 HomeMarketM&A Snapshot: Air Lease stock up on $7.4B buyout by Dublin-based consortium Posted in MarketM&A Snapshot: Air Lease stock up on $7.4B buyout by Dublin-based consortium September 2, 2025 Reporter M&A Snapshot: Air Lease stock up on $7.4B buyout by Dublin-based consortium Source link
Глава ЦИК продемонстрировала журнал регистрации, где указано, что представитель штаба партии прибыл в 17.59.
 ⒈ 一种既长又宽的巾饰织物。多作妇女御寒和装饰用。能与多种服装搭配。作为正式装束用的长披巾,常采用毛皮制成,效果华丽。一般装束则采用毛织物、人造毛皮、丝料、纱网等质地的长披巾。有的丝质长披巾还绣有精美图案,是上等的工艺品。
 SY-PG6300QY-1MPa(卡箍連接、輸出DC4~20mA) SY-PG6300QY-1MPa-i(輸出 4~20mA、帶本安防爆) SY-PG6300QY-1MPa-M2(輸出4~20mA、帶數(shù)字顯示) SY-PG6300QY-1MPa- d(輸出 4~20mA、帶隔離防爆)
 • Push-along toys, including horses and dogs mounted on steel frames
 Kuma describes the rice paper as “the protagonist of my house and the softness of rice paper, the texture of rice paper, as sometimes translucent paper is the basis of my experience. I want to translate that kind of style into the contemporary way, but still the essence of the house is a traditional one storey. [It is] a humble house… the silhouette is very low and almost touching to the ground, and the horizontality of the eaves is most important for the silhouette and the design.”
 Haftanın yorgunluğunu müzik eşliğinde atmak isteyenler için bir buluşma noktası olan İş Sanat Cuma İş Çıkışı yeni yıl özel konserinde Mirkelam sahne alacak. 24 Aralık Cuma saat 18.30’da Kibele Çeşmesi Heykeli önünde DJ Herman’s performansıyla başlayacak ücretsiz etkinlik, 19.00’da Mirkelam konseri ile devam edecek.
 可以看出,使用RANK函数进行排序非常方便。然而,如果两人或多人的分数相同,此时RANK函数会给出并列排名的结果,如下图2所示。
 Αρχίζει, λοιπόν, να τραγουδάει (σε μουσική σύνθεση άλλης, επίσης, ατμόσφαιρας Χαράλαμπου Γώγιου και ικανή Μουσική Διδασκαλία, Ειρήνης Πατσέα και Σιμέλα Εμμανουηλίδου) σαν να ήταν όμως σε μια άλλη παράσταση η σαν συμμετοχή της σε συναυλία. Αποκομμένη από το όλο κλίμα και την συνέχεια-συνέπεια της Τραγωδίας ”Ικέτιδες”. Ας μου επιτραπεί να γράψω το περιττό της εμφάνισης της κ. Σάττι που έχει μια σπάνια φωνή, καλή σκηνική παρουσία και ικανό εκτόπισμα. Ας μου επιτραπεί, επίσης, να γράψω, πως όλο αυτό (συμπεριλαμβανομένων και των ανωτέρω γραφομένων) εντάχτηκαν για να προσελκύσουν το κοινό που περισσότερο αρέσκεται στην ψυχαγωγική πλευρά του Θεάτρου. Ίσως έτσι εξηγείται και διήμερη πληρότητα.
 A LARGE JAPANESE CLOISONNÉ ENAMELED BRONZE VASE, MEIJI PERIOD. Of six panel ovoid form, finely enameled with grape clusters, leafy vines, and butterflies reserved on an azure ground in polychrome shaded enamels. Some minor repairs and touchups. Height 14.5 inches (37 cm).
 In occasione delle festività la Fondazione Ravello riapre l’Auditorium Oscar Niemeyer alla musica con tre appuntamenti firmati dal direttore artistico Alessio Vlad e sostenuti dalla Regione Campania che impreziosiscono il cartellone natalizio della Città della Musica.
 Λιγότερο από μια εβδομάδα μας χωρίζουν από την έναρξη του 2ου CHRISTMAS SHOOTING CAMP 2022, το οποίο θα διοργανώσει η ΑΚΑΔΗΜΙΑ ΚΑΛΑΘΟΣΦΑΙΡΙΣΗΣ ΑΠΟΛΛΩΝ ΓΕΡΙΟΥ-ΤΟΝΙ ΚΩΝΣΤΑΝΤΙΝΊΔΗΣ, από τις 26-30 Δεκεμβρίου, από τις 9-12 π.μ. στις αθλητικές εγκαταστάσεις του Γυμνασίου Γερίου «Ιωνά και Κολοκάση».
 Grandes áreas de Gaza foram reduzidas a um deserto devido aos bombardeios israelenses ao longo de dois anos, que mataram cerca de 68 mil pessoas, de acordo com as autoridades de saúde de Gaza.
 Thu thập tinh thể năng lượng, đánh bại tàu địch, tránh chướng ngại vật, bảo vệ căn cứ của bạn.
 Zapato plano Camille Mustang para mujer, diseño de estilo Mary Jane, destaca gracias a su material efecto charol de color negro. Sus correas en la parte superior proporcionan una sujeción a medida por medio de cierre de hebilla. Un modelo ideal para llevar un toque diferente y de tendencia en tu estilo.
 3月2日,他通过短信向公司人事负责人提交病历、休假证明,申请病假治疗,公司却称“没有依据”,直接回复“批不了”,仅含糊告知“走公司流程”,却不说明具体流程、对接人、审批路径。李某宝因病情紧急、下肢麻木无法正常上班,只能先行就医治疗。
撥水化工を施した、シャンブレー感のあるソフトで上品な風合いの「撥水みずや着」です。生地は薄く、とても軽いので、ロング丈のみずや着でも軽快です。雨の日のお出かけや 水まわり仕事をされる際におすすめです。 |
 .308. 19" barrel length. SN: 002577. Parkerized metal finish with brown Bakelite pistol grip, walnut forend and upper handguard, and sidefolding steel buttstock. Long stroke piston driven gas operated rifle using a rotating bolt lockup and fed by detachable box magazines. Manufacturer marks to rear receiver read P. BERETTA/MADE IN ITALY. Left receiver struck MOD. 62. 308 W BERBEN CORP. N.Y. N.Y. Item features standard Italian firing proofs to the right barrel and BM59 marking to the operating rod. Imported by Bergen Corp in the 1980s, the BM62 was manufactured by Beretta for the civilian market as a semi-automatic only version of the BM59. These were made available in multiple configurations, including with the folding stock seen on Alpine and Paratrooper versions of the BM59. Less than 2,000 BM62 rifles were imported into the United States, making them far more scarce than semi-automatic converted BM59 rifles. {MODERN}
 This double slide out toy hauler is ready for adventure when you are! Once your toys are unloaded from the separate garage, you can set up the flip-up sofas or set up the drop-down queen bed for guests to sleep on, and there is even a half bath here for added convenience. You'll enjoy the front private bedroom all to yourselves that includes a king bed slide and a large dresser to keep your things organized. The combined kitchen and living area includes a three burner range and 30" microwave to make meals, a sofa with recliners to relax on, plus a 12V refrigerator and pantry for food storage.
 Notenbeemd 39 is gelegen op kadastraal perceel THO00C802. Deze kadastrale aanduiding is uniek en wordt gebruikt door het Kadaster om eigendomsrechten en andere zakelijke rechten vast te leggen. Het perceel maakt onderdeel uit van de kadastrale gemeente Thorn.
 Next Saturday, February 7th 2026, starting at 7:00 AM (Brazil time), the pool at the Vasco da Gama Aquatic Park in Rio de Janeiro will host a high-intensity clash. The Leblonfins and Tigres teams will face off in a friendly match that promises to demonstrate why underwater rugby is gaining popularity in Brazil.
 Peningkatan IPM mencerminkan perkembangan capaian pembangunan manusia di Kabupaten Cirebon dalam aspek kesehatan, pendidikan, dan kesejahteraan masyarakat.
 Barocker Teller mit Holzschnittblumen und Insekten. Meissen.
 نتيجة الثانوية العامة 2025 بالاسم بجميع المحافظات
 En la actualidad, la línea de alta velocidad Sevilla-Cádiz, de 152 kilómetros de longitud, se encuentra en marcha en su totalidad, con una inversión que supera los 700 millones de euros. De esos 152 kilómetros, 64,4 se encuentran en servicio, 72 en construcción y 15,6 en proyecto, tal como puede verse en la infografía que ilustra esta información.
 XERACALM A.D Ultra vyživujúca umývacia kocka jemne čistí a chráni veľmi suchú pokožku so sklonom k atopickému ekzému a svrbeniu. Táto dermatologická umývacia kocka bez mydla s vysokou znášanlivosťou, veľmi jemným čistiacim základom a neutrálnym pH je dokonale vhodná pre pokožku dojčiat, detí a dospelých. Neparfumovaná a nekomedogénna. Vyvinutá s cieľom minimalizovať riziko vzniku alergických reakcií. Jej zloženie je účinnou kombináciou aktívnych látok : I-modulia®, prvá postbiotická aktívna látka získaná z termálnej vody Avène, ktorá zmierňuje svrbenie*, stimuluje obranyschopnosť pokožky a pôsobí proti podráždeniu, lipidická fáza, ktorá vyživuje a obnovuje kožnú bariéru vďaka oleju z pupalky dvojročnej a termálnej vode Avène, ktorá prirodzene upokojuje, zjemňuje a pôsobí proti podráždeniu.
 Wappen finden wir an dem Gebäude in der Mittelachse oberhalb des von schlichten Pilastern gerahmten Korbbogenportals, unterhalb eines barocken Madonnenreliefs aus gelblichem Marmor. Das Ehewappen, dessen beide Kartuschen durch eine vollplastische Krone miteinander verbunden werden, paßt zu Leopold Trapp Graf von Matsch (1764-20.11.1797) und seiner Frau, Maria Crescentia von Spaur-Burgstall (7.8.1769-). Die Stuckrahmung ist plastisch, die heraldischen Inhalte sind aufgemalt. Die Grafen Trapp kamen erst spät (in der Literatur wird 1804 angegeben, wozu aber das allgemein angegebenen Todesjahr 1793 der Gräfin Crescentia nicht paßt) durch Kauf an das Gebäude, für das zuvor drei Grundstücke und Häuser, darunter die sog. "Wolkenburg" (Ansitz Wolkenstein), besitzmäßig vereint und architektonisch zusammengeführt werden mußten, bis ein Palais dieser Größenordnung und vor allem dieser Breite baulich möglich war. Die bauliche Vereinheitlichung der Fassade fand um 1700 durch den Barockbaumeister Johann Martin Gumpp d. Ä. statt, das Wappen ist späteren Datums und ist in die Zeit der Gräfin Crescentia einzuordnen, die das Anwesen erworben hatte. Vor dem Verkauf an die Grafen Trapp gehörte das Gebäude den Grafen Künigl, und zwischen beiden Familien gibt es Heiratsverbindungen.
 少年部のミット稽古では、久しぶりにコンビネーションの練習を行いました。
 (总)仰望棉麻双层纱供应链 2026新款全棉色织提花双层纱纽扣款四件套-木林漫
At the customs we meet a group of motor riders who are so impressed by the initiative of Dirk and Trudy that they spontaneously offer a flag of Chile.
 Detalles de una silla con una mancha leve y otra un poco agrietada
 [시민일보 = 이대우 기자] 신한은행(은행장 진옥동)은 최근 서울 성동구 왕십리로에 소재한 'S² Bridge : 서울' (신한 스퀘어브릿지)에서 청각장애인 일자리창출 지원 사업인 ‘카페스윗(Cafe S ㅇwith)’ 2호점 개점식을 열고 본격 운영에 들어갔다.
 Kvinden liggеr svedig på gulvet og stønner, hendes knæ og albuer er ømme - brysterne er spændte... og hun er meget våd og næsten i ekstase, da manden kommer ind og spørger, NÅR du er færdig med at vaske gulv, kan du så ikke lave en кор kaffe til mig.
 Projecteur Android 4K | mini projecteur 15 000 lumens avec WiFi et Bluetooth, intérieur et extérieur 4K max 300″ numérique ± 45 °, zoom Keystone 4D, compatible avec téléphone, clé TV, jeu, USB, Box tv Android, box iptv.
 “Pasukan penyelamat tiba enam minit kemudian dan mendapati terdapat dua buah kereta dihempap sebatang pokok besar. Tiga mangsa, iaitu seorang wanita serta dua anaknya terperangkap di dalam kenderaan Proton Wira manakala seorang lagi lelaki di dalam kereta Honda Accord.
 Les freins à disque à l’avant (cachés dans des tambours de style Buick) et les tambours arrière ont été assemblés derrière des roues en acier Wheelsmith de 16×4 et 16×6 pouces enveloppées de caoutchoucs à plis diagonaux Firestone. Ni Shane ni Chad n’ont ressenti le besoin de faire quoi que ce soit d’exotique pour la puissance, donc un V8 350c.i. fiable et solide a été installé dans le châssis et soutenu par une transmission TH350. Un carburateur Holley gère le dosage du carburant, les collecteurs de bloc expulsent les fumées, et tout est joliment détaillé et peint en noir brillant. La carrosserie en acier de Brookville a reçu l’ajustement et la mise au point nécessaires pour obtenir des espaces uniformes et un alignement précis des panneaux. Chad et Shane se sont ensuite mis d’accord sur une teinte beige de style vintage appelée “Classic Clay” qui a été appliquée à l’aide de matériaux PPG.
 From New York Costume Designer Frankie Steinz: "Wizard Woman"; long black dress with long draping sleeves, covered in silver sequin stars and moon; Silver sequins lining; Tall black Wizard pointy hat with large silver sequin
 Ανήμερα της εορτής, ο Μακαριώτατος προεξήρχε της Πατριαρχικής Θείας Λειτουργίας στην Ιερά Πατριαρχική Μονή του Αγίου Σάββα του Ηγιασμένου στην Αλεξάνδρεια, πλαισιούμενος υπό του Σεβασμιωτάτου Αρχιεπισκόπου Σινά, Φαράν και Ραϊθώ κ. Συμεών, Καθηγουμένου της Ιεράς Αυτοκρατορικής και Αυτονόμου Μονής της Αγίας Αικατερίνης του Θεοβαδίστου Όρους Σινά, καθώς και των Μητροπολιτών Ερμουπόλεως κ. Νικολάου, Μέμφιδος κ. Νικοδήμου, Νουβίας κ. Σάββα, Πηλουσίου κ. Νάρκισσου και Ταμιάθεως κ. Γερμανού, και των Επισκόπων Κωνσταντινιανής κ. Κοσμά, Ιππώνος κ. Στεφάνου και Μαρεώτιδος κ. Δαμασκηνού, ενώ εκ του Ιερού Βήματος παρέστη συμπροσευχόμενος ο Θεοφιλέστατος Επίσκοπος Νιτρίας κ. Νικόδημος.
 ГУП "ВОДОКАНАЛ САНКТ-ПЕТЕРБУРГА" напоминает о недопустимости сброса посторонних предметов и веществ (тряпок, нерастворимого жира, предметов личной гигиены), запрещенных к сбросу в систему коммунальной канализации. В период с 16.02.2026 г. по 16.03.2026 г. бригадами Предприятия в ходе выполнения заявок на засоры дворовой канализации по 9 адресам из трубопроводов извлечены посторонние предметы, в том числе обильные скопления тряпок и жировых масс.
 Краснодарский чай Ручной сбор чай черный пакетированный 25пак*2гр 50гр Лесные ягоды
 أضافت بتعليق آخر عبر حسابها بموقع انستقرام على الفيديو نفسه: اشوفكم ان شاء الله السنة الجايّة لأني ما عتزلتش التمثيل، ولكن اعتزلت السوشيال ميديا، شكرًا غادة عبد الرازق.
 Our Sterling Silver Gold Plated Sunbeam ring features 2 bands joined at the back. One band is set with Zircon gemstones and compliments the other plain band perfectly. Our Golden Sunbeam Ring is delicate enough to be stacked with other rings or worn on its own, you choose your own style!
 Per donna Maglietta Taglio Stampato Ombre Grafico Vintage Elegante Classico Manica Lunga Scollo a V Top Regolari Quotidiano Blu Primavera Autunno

|---|

WORK REQUIRED: Everything from the first line of the entries above through the line with "on steel frames" is to be reproduced exactly, and nothing else.

WRITTEN ANSWER:
 HomeMarketM&A Snapshot: Air Lease stock up on $7.4B buyout by Dublin-based consortium Posted in MarketM&A Snapshot: Air Lease stock up on $7.4B buyout by Dublin-based consortium September 2, 2025 Reporter M&A Snapshot: Air Lease stock up on $7.4B buyout by Dublin-based consortium Source link
Глава ЦИК продемонстрировала журнал регистрации, где указано, что представитель штаба партии прибыл в 17.59.
 ⒈ 一种既长又宽的巾饰织物。多作妇女御寒和装饰用。能与多种服装搭配。作为正式装束用的长披巾,常采用毛皮制成,效果华丽。一般装束则采用毛织物、人造毛皮、丝料、纱网等质地的长披巾。有的丝质长披巾还绣有精美图案,是上等的工艺品。
 SY-PG6300QY-1MPa(卡箍連接、輸出DC4~20mA) SY-PG6300QY-1MPa-i(輸出 4~20mA、帶本安防爆) SY-PG6300QY-1MPa-M2(輸出4~20mA、帶數(shù)字顯示) SY-PG6300QY-1MPa- d(輸出 4~20mA、帶隔離防爆)
 • Push-along toys, including horses and dogs mounted on steel frames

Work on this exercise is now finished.